The current winter is the coldest for 28 years. This has been cited as one of the causes of the crisis, with more coal being burned to power central heating systems. But even the regime admits that increasing numbers of cars, as well as factory and construction industry pollution are major factors. China is the “biggest construction site in the world” in the words of the Global Times, a regime mouthpiece. Much of the official media carried critical reports of the pollution, as a means to demonstrate their ‘independence’. The Global Times called on the government to “publish truthful environmental data to the public”.

Vice premier Li Keqiang said, “Pollution is not a problem that emerged only a few days ago – it’s a long-term issue, and fixing it will take a long time. But we need to do something about it,” including changes in industrial production and consumption patterns. Such official comments are typically short on actual solutions or action.

In order to produce electricity China burns more coal than the US, Europe and Japan combined. There is an urgent need to develop environmentally safe alternatives like wind and solar power. China now leads the world in the production of solar voltaic cells and wind turbines, but around one-third of the capacity at its wind farms is wasted as the electricity grid lacks the technology to absorb it. The solar industry is mainly geared to export and is suffering a huge crisis of slumping prices and overproduction due to the crazy ups and downs of the capitalist market.
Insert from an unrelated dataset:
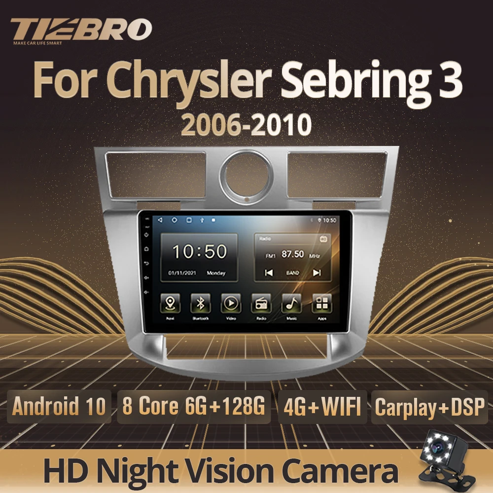 Автомагнитола TIEBRO для Chrysler Sebring 3 JS 2006-2010 2DIN Android 10 стереоприемник 6G + 128G IPS экран авторадионавигация GPS

The speculative nature of capitalism is shown by the boom this week in the shares of companies that make face masks. Shares of Shanghai Dragon, a leading face mask producer, surged by the 10 per cent daily limit for two days in a row. Likewise shares in pollution control equipment maker Fujian Longking climbed 9.64 per cent earlier in the week. Rather than channeling resources into solving the crisis, the finance markets try to profit from it.

Surge in car usage

Car usage is another major cause of air pollution in cities like Beijing, where the number of cars has doubled to 5.2 million today from 2.6 million in 2005. In the whole country the number of cars rose from 5 million in 2001 to 100m in 2011, with projections of 200m cars in the year 2020.

The Chinese regime has consciously fostered car sales and increased car production as a ‘pillar industry’ attracting foreign car companies to invest. From an ecological standpoint this strategy has been a disaster. Industrial investment and urban planning should instead have focused on public transportation, urban rail and subway systems and other green alternatives. While city governments are now expanding subway construction (four new lines opened in Beijing recently) this still lags far behind the explosion of car usage and congested road traffic.

As even the regime-controlled China Daily spelt out, “The air quality in big cities could have been better had more attention been paid to the density of the high rises, had more trees been planted in proportion to the number of residential areas, and had the number of cars been strictly controlled.”

Air pollution a major killer

Air pollution now ranks for the first time among the world’s top ten killer diseases. In 2010, more than 2.1m people in Asia died prematurely from air pollution, around half of these in China and East Asia. This is mostly from the tiny particles of diesel soot and gasses emitted from cars and trucks, according to a study published in The Lancet magazine in December 2012.

China’s rapid urbanisation programme has been implemented with little thought to the human and environmental costs, but with huge profits reaped by property developers and corrupt officials at all levels of government. Full democratic control and planning are needed to solve the pollution nightmare, which is not possible without public ownership of the construction industry, transport, and other major companies and a dramaric reorientation of the economy away from fossil fuels into renewable energy. The latest pollution shock shows that genuine socialism and democratic control are a matter of life and death.